Role of spontaneous cycle follicular monitoring in unexplained infertility: an observational study
Vandana Mohan, Kanika Chopra, Manju Puri, Pikee Saxena
Objective: The incidence of unexplained infertility is high and thus there is a need to assess usefulness of unexplored modalities i.e. ultrasonographic follicular monitoring and endometrial changes and its correlation with hormonal levels in spontaneous menstrual cycle. Our study aimed to detect subtle defects responsible for the same. Methodology: It was an observational study conducted in the infertility clinic of Lady Hardinge Medical College, New Delhi, India. Fifty women with unexplained infertility were included in the study. The subjects were called on day 2-3 of onset of menses for a baseline transvaginal ultrasound for antral follicular count, endometrial thickness and hormonal profile. Follow-up ultrasonographic monitoring was done till ovulation was documented.

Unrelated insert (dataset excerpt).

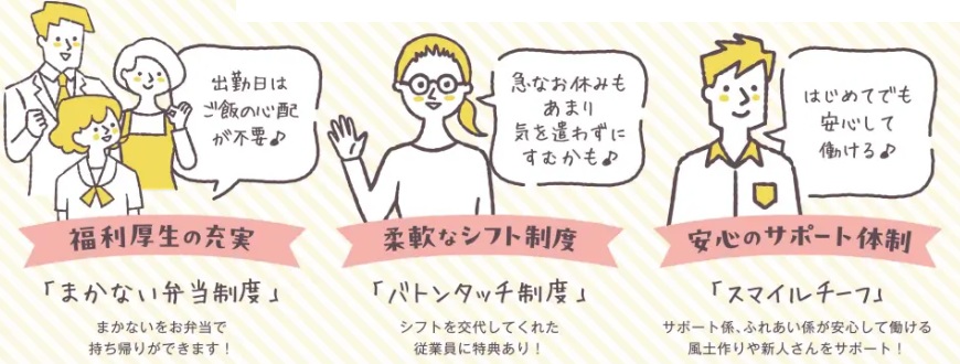 また店主をサポートするアルバイトから「スマイルチーフ」、新人をケアする「サポート係」を任命するほか、仕事後に弁当を持ち帰る「まかない弁当制度」も新設する。

Hormonal profile was done on day of dominant follicle of 18-20 mm and on day 21, serum progesterone levels were done. Results: The mean age of study group was 26.48±3.3 years. Primary infertility was seen in 66% cases and secondary infertility in 34%. Seventy eight percent women had at least one or a combination of subtle defects in their monitored cycles. The mean antral follicle count was 13.8±5.17. Only one woman had antral follicle count of less than 5. 30% of women had levels of FSH more than 10 IU/L and levels of serum estradiol more than 80 pg/ml. Luteal phase defect and premature LH surge was seen in 34 % women each. Conclusion: Spontaneous cycle follicular monitoring is a useful tool to provide insight into the subtle defects like premature depletion of ovarian reserve, defective folliculogenesis, poor oocyte quality, premature luteinization, luteinized unruptured follicular syndrome contributing to unexplained infertility. Transvaginal sonographic assessment of a spontaneous cycle thus, appeared to be a useful addition in the investigative work-up of women with unexplained infertility.